- Input material

----------

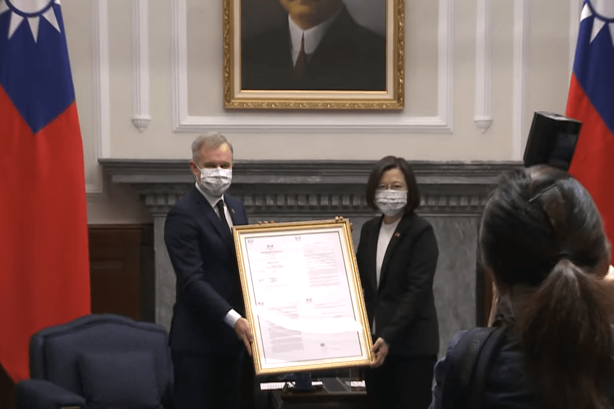 蔡英文最後說,此次訪團都是國民議會外交委員會的成員,面對國際情勢快速變化、威權主義持續擴張,民主夥伴更應該攜手合作,台灣會善盡國際責任,也希望能與法國等理念相近的夥伴,一起為印太地區和平穩定、世界繁榮發展做出更多的貢獻。
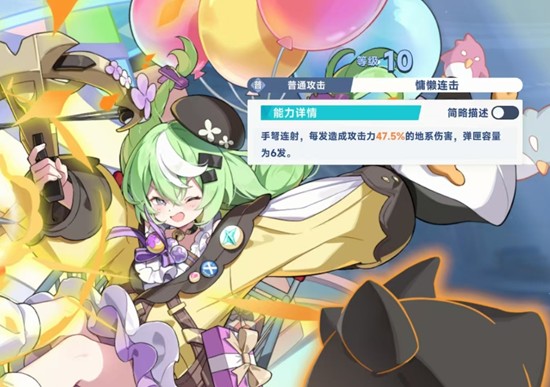 当小禾处于援助位置时,其技能价值大幅提升。释放援助技后,她会随机抛出企鹅或爱心道具,不同组合带来不同效果:若全部为企鹅,则触发七次地系范围伤害;若全为爱心,则为主控角色回复生命值并造成一次范围爆炸;若两者混合,则对敌人进行扫射。更重要的是,当企鹅数量多于爱心时,全队获得攻击力提升;反之则提升全队地系伤害。无论结果如何,该技能必定为敌人附加地系印记,极大提升了队伍后续引爆技能的覆盖率。
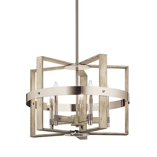 The popular industrial-inspired cage look gets a refreshing update with the Peyton collection 5 light chandelier. Squared edges and lines, in a blend of whitewashed wood tones as well as polished and satin nickel metals, create a style that’s soft and modern.
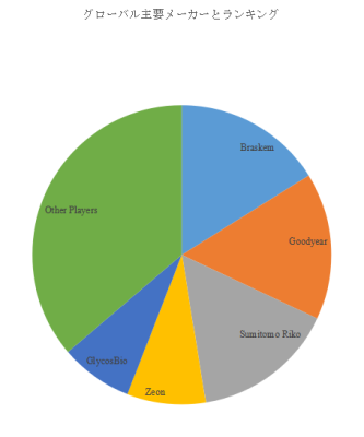 バイオイソプレン市場は、Braskem、Goodyear、Sumitomo Rikoといった世界的企業が中核を担う構造を形成している。LP Informationのトップ企業研究センターによれば、2024年時点で上位3社が売上ベースで約47.0%の市場シェアを占めており、技術開発力と製品化スピードを軸とした競争が加速している。これら企業は、各社の年報においてサステナブルマテリアルへの投資強化を明確化しており、供給体制の拡充と事業ポートフォリオの高度化を継続的に示している。特に、既存のエラストマー事業を基盤とする企業ほど、バイオベースモノマーの導入による製品差別化を戦略的に位置づけており、今後の市場成長を主導する重要プレイヤーとして存在感を高めている。
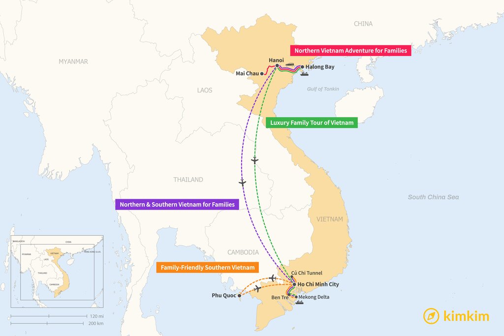 Map of 1 Week in Vietnam – 4 Family-Friendly Itinerary Ideas

----------

- Exercise brief
Pictures must be left out. Repeat exactly the lines from the one containing "当小禾处于援助位置时,其技能" through the final line of the data.

- Task output
 当小禾处于援助位置时,其技能价值大幅提升。释放援助技后,她会随机抛出企鹅或爱心道具,不同组合带来不同效果:若全部为企鹅,则触发七次地系范围伤害;若全为爱心,则为主控角色回复生命值并造成一次范围爆炸;若两者混合,则对敌人进行扫射。更重要的是,当企鹅数量多于爱心时,全队获得攻击力提升;反之则提升全队地系伤害。无论结果如何,该技能必定为敌人附加地系印记,极大提升了队伍后续引爆技能的覆盖率。
 The popular industrial-inspired cage look gets a refreshing update with the Peyton collection 5 light chandelier. Squared edges and lines, in a blend of whitewashed wood tones as well as polished and satin nickel metals, create a style that’s soft and modern.
 バイオイソプレン市場は、Braskem、Goodyear、Sumitomo Rikoといった世界的企業が中核を担う構造を形成している。LP Informationのトップ企業研究センターによれば、2024年時点で上位3社が売上ベースで約47.0%の市場シェアを占めており、技術開発力と製品化スピードを軸とした競争が加速している。これら企業は、各社の年報においてサステナブルマテリアルへの投資強化を明確化しており、供給体制の拡充と事業ポートフォリオの高度化を継続的に示している。特に、既存のエラストマー事業を基盤とする企業ほど、バイオベースモノマーの導入による製品差別化を戦略的に位置づけており、今後の市場成長を主導する重要プレイヤーとして存在感を高めている。
 Map of 1 Week in Vietnam – 4 Family-Friendly Itinerary Ideas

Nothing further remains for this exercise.